**Task item**:
What is wanted is every line below from the one with "mcaffeine Berries Brightening" up to and including the one with "From 10 to 13", retyped exactly, pictures excluded, nothing else.

**Information provided**:
# # # # #

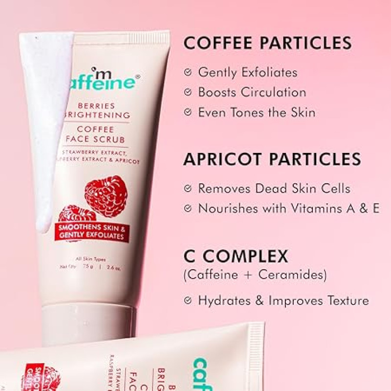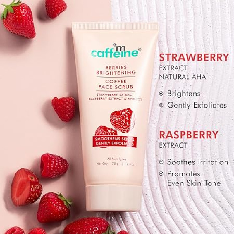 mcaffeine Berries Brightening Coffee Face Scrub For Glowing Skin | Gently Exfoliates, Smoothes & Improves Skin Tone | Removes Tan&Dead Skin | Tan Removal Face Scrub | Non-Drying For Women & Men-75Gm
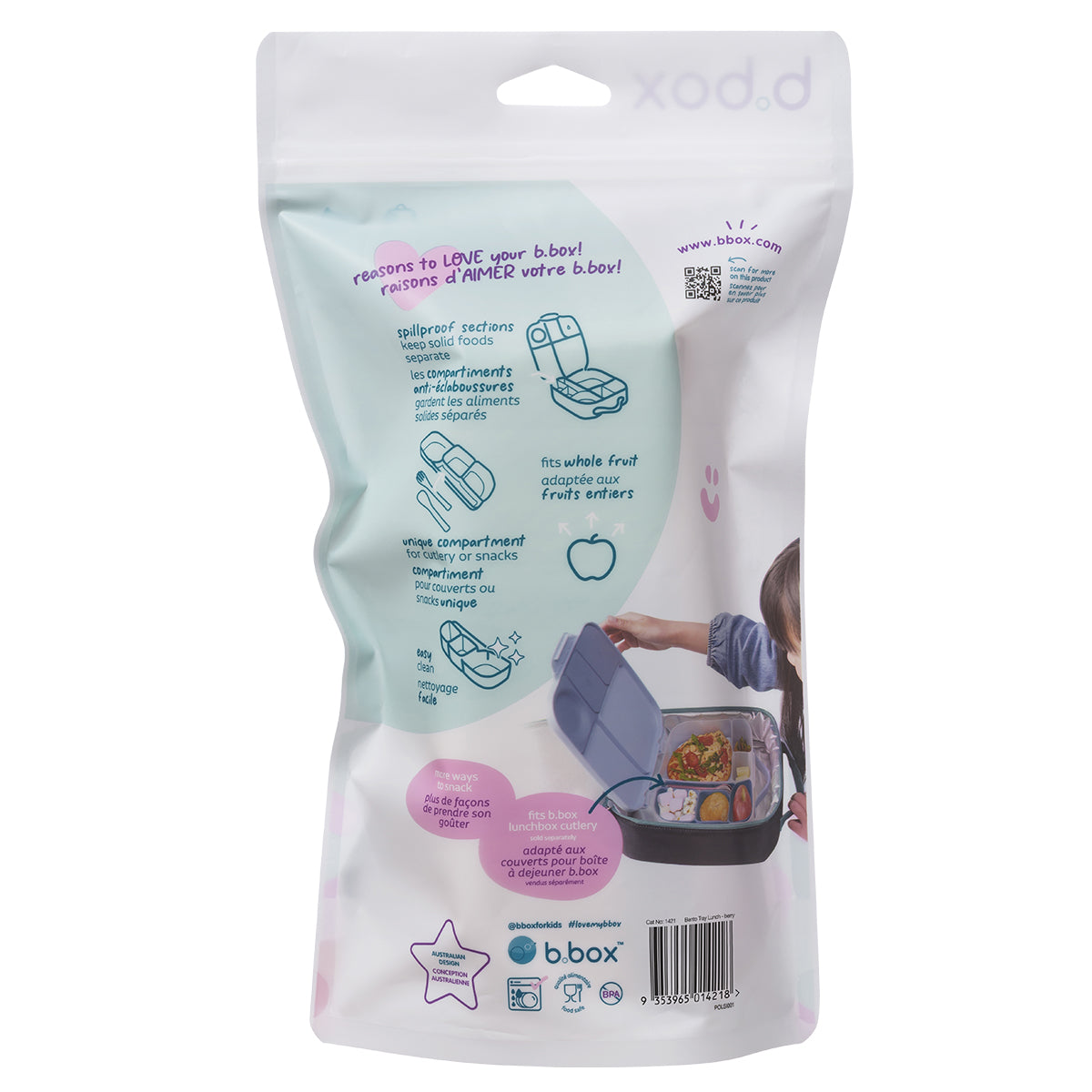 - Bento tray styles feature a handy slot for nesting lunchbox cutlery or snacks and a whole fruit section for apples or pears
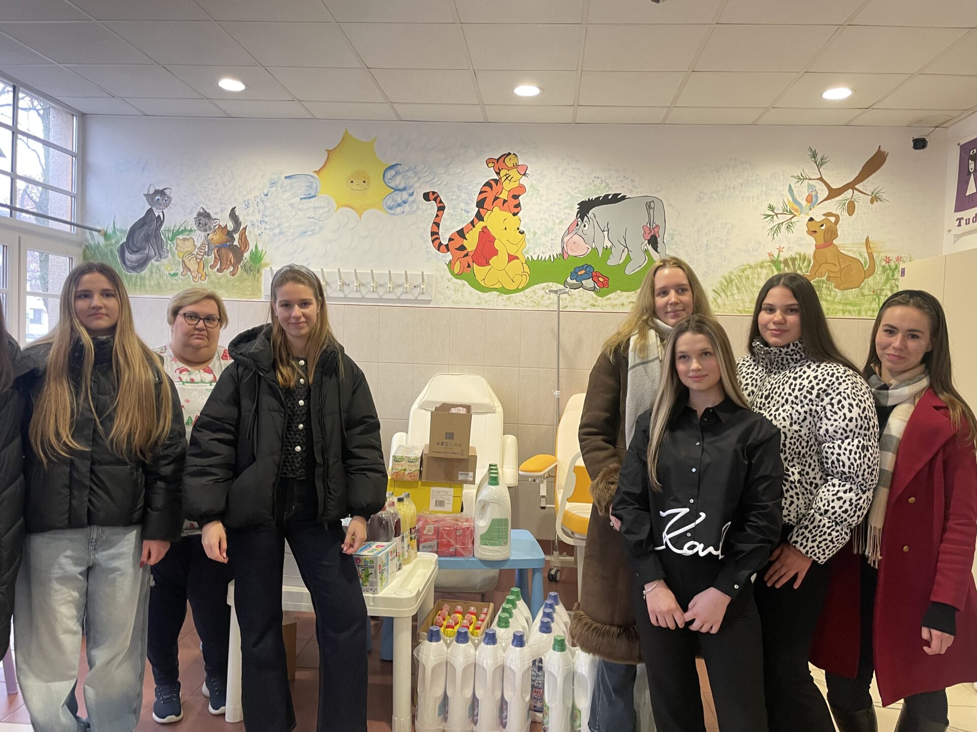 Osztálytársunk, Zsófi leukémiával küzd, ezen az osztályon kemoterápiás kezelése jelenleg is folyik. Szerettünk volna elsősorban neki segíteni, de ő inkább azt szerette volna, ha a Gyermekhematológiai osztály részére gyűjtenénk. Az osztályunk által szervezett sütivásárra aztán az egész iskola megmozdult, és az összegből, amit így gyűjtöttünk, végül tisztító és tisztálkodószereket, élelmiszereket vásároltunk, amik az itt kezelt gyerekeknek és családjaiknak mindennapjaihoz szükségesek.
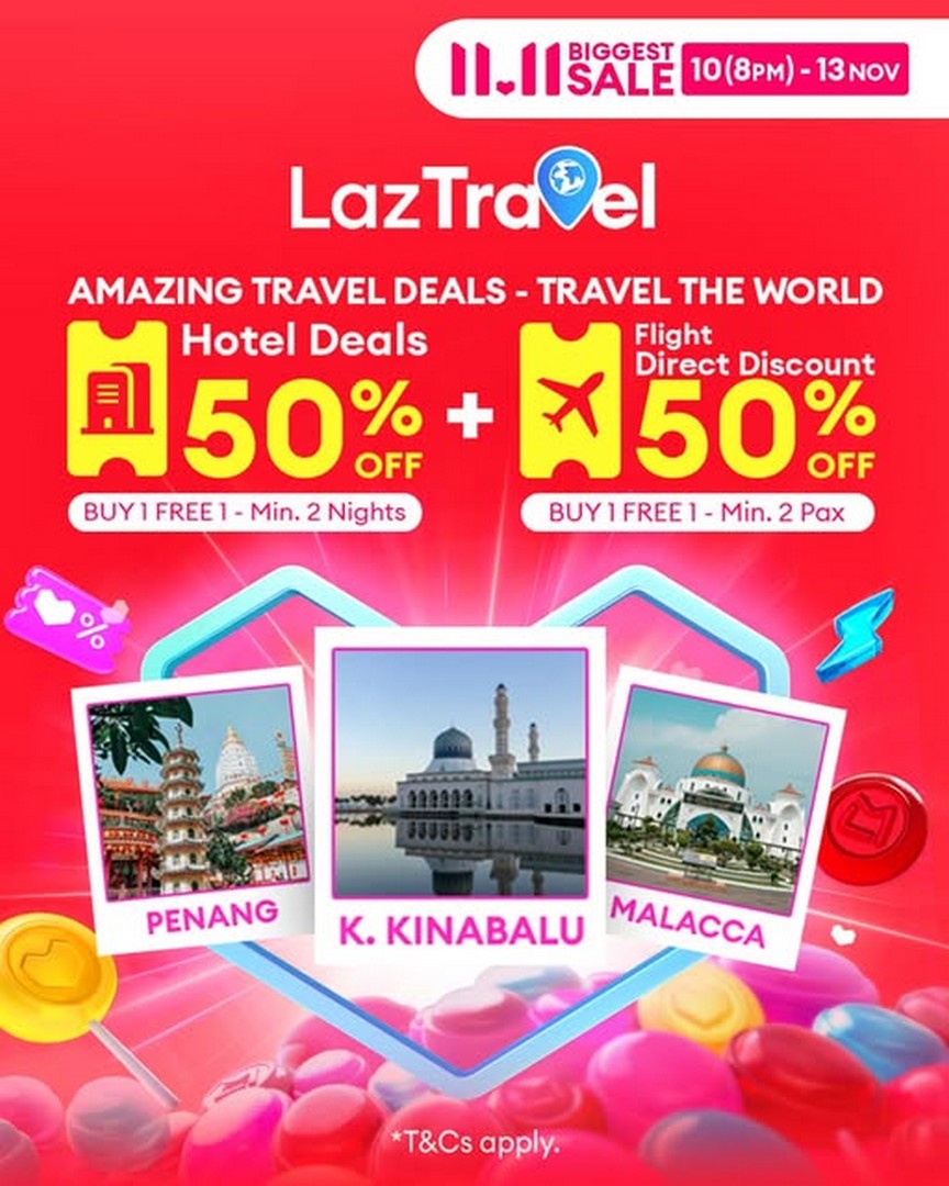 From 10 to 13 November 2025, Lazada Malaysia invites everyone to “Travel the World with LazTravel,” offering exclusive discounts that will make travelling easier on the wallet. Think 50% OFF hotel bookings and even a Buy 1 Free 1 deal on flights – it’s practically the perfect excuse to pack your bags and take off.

# # # # #

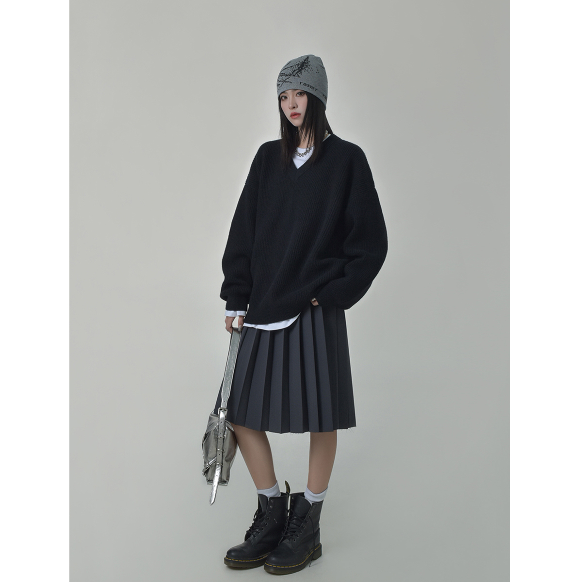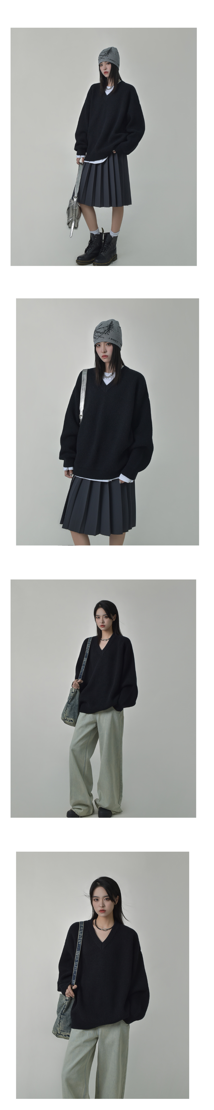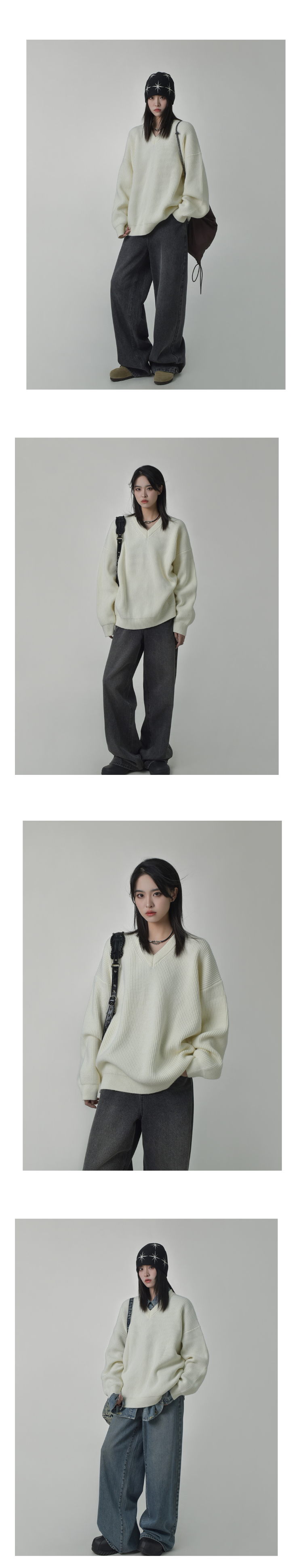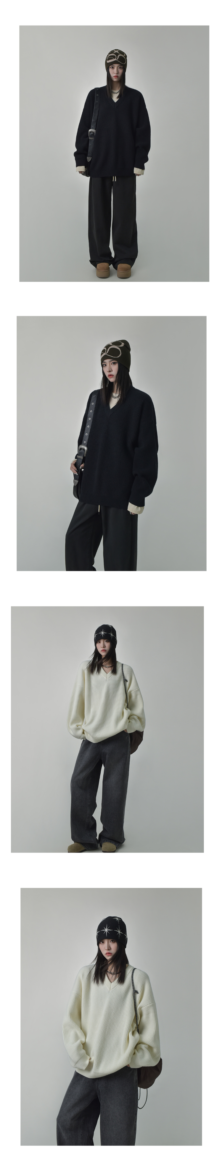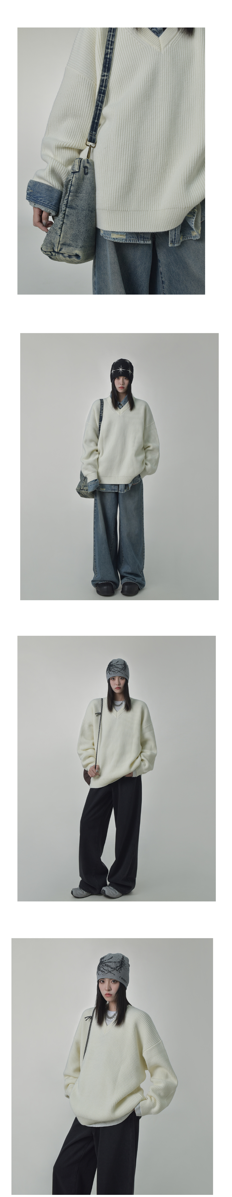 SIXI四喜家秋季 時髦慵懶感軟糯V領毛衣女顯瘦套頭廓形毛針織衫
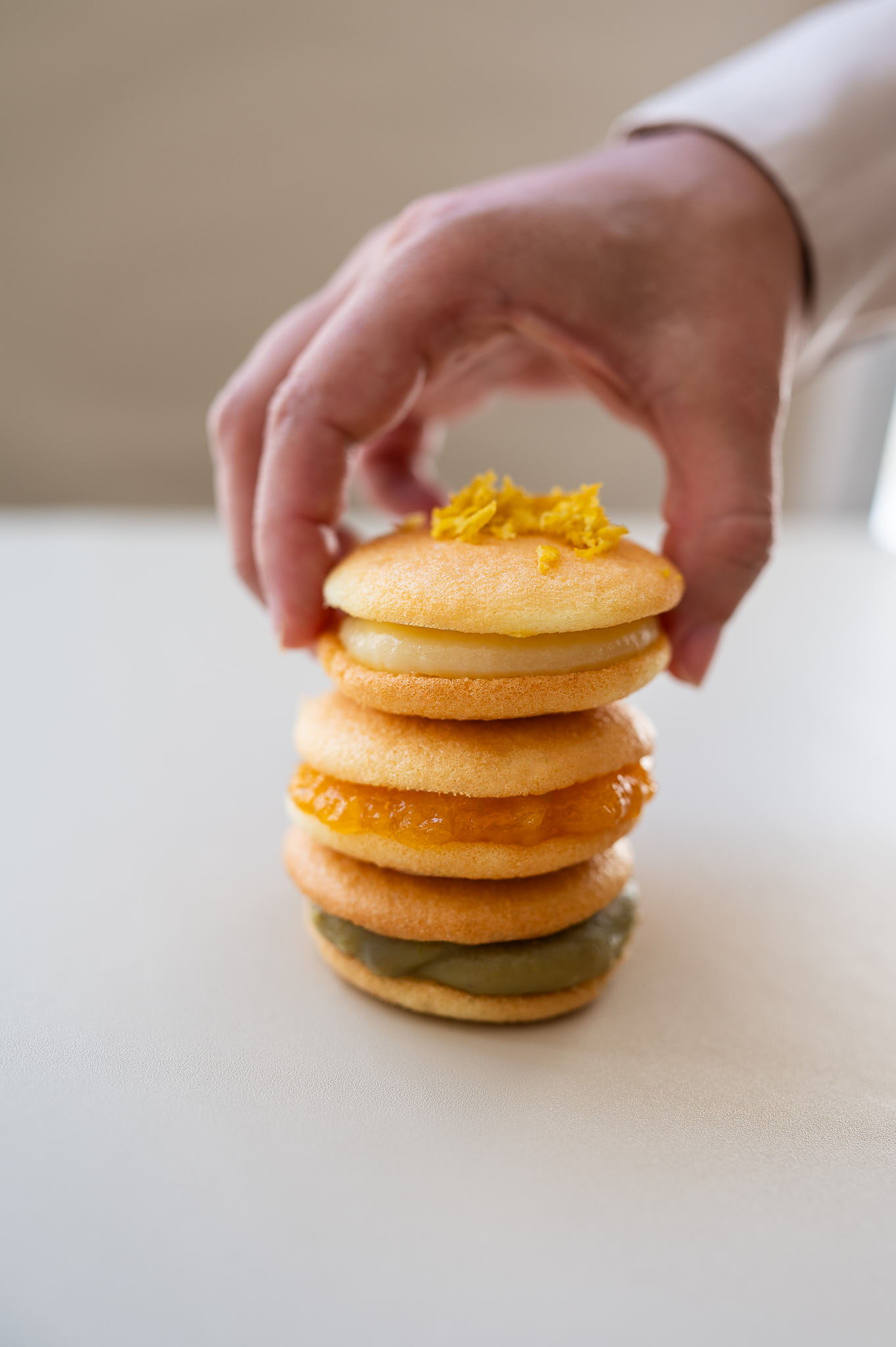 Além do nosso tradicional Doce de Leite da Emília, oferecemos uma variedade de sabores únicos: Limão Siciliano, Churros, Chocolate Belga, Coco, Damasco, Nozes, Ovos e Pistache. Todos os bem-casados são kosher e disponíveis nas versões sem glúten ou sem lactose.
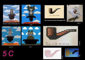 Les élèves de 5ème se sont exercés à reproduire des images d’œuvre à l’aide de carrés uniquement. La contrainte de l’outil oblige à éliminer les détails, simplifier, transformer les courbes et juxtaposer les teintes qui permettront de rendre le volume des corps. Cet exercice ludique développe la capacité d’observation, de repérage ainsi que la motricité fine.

# # # # #

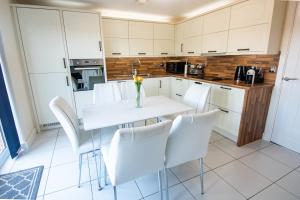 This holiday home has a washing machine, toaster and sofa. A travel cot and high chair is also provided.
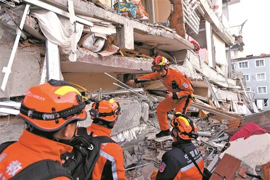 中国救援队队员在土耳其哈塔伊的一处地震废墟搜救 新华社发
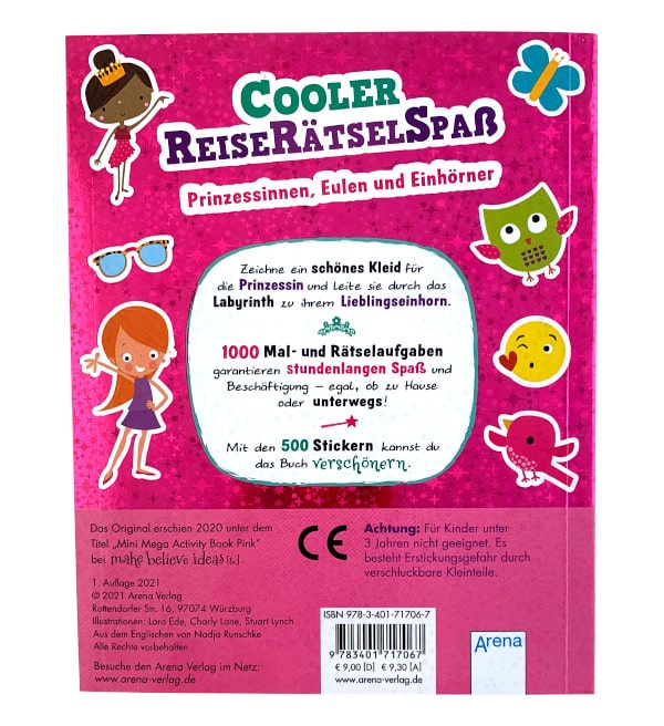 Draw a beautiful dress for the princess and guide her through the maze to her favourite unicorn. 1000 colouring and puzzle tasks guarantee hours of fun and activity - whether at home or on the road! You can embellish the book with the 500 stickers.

# # # # #

**Answer to the exercise**:
 mcaffeine Berries Brightening Coffee Face Scrub For Glowing Skin | Gently Exfoliates, Smoothes & Improves Skin Tone | Removes Tan&Dead Skin | Tan Removal Face Scrub | Non-Drying For Women & Men-75Gm
 - Bento tray styles feature a handy slot for nesting lunchbox cutlery or snacks and a whole fruit section for apples or pears
 Osztálytársunk, Zsófi leukémiával küzd, ezen az osztályon kemoterápiás kezelése jelenleg is folyik. Szerettünk volna elsősorban neki segíteni, de ő inkább azt szerette volna, ha a Gyermekhematológiai osztály részére gyűjtenénk. Az osztályunk által szervezett sütivásárra aztán az egész iskola megmozdult, és az összegből, amit így gyűjtöttünk, végül tisztító és tisztálkodószereket, élelmiszereket vásároltunk, amik az itt kezelt gyerekeknek és családjaiknak mindennapjaihoz szükségesek.
 From 10 to 13 November 2025, Lazada Malaysia invites everyone to “Travel the World with LazTravel,” offering exclusive discounts that will make travelling easier on the wallet. Think 50% OFF hotel bookings and even a Buy 1 Free 1 deal on flights – it’s practically the perfect excuse to pack your bags and take off.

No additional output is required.